I stopped going outside because they can’t get in here without an invitation.
And unlike your father, I had the sense to learn from my brush with evil.
I only pray that you do, as well.” With that, she turns and stomps back into the kitchen.
I follow her. I’m aghast, and horrified, but I’m also livid. “Why didn’t you tell me!”
“Why would I tell you?” She sets to work chopping potatoes, the knife snicking through them with practiced ease.
“I wanted to keep you out of it entirely. I thought when you started working with Joren you’d get enough satisfaction solving the solvable that you’d stay away from the unknowable.
Even when you began chasing your devil, I hoped you’d wear out before it destroyed you. ”

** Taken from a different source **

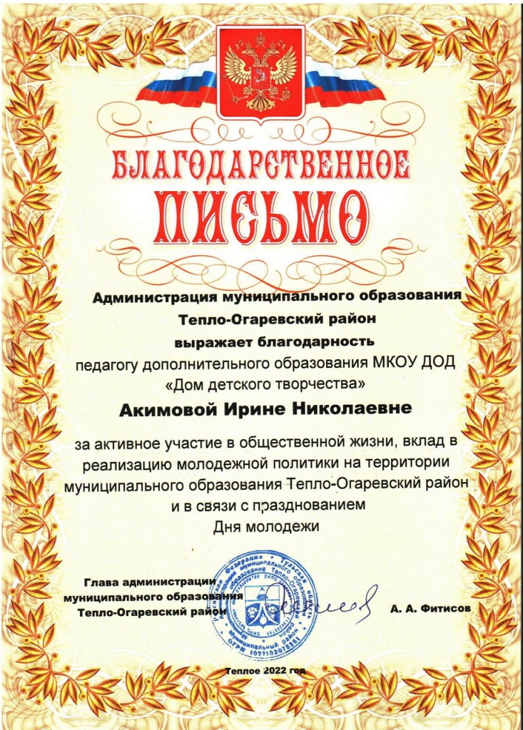 За активное участие в общественной жизни, вклад в реализацию молодежной политики на территории муниципального образования Тепло-Огаревский район и в связи с празднованием Дня молодежи |
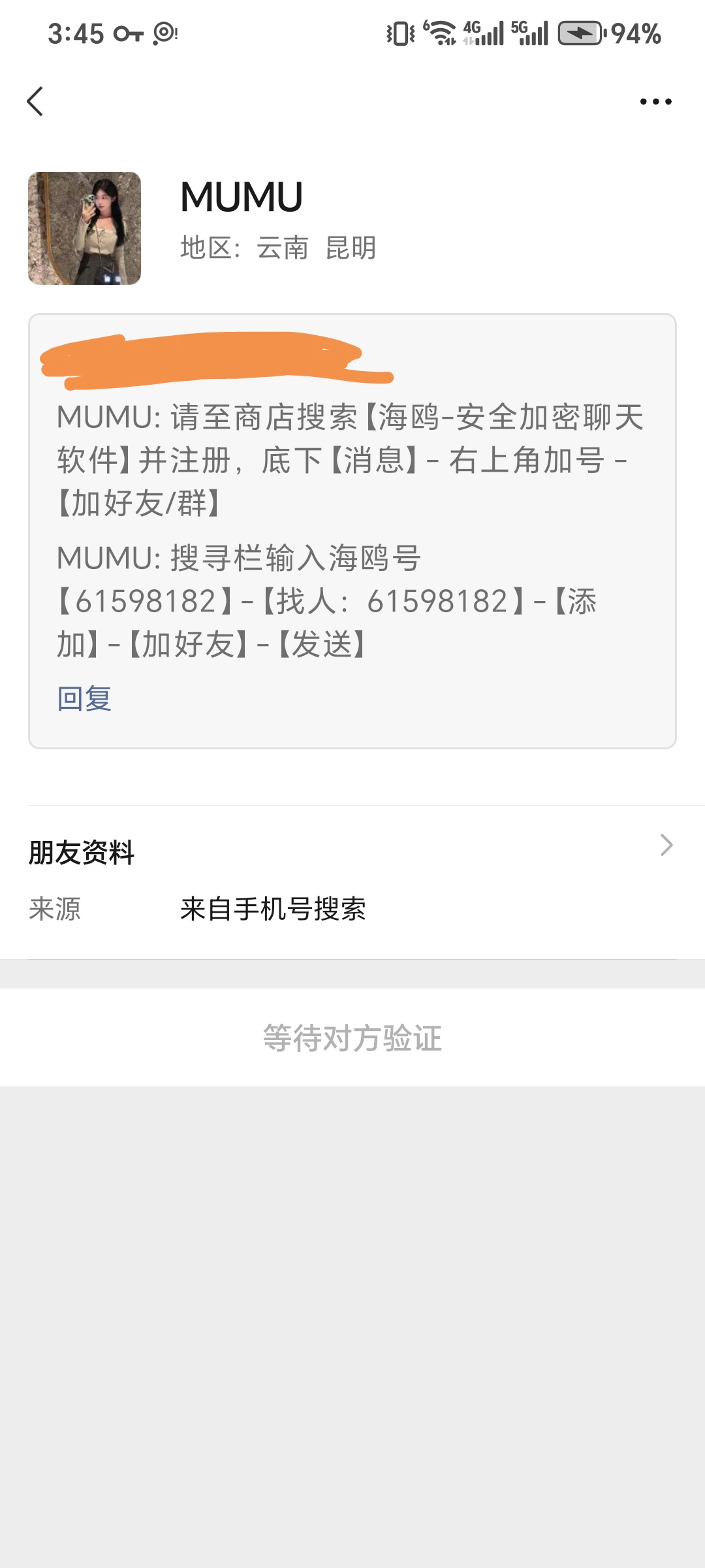 领取步骤,先微信加13293484400,她不会通过好友会回复你下载海鸥,海鸥联系方式在图里,会要你提供微信号和微信名称,不知道具体查没查,可以碰瓷试试。

“But you helped us! You connected us with so many of father’s old contacts!
We got cases through your friends, so many requests that—” I stop, finally making such an obvious connection I should never be allowed to call myself a detective again.
“Every case your contacts brought us in on was an actual murder we were able to solve. Ones that never had anything to do with Diavola.”
She raises a sardonic eyebrow at me. “I’m your mother. I’m allowed to meddle. And I wanted you to know what it felt like when you could actually help. I wanted that to be the thing you began chasing. It still can be.” She holds out a jar of preserved carrots for me to open.
I take it automatically, then pause. “Mama. Where are the missing pages from Papa’s journal? The last ones, that talk about whatever deal he made with Diavola?”